Tibetan Plateau imposes extremely inhospitable environment on most wildlife. Besides the harsh aquatic environment including hypoxia and chronic cold, high salinity and alkalinity is an increasing threat to Tibetan endemic fishes. Previous genome-wide studies identified key genes contributed to highland fish adaptation to hypoxia and long-term cold, while our understanding of saline and alkaline adaptation in Tibetan fish remains limited. In this study, we performed a comparative genomics analysis in a saline lake-dwelling highland fish Gymnocypris przewalskii, aimed to identify candidate genes that contributed to saline and alkaline adaptation. We found elevated genome-wide rate of molecular evolution in G. przewalskii relative to lowland teleost fish species. In addition, we found nine genes encoding biological macromolecules associated with ion transport functions underwent accelerated evolution in G. przewalskii, which broadly expressed across kidney, gill, liver, spleen, brain and muscle tissues. Moreover, we found putative evidence of ion transport under selection was interacted by co-expression in G. przewalskii adaptation to high salinity and alkalinity environment of Lake Qinghai. Taken together, our comparative genomics study identified a set of rapidly evolving ion transport genes and transcriptomic signatures in Schizothoracine fish adaptation to saline and alkaline environment on the Tibetan Plateau.

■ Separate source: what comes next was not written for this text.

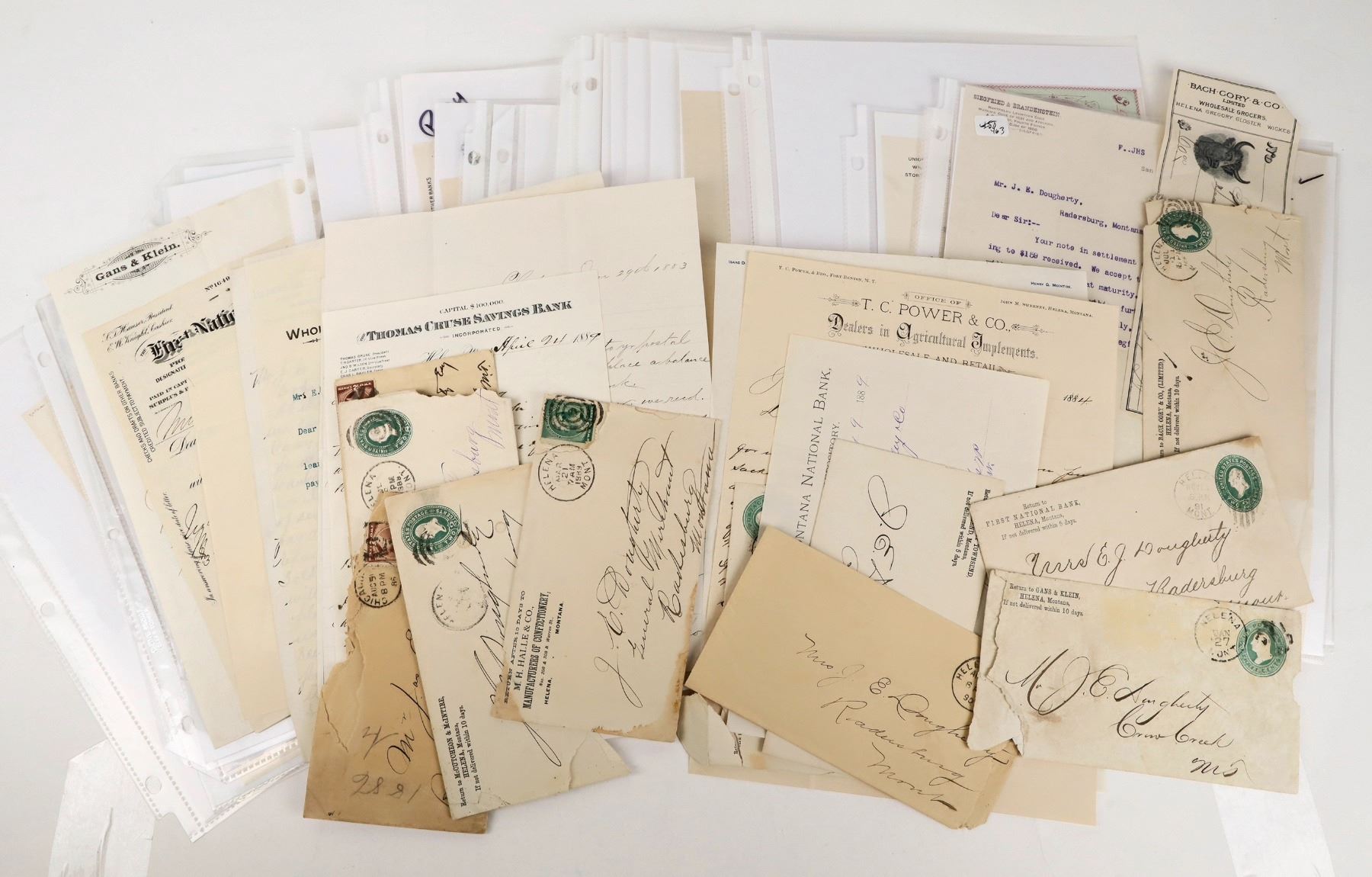 Group of original correspondence including letters and envelopes from creditors of J. Daugherty of Radersburg, Montana. Perhaps 50 or more pieces, plus covers. Letters from merchants, banks and individuals trying to get paid, obviously during tough times. The fact that these letters were carefully saved by Daugherty may indicate his intent to get them paid, if not already done so. Radersburg was a gold mining camp, discovered about 1865. It became the Jefferson County seat. But as the gold dwindled, so did business, and soon the county seat was moved to Boulder in 1883, the year this correspondence starts, reflective of the severe business downturn. The letters reflect payments from Daugherty in currency and gold.

青藏高原给大多数野生生物带来了极其荒凉的环境。除了低氧和慢性寒冷等恶劣的水生环境外，高盐度和碱度对藏族特有鱼类的威胁也越来越大。先前的全基因组研究确定了关键基因有助于高原鱼类适应缺氧和长期感冒，而我们对藏族鱼类盐分和碱性适应的了解仍然有限。在这项研究中，我们在居住在盐湖中的高地鱼类Gymnocypris przewalskii中进行了比较基因组学分析，旨在鉴定有助于盐和碱适应的候选基因。我们发现G. przewalskii的全基因组分子进化速率升高相对于低地硬骨鱼类种类。此外，我们发现9个编码与离子转运功能相关的生物大分子的基因在G. przewalskii中经历了加速的进化，而该基因在肾脏，腮，肝脏，脾脏，大脑和肌肉组织中广泛表达。此外，我们发现，在选择离子传输的假定证据由在共同表达相互作用G.圆柏适应高盐度和青海湖的碱性环境。综上所述，我们的比较基因组学研究确定了裂殖壶鱼鱼类适应青藏高原盐碱环境的一组快速发展的离子转运基因和转录组特征。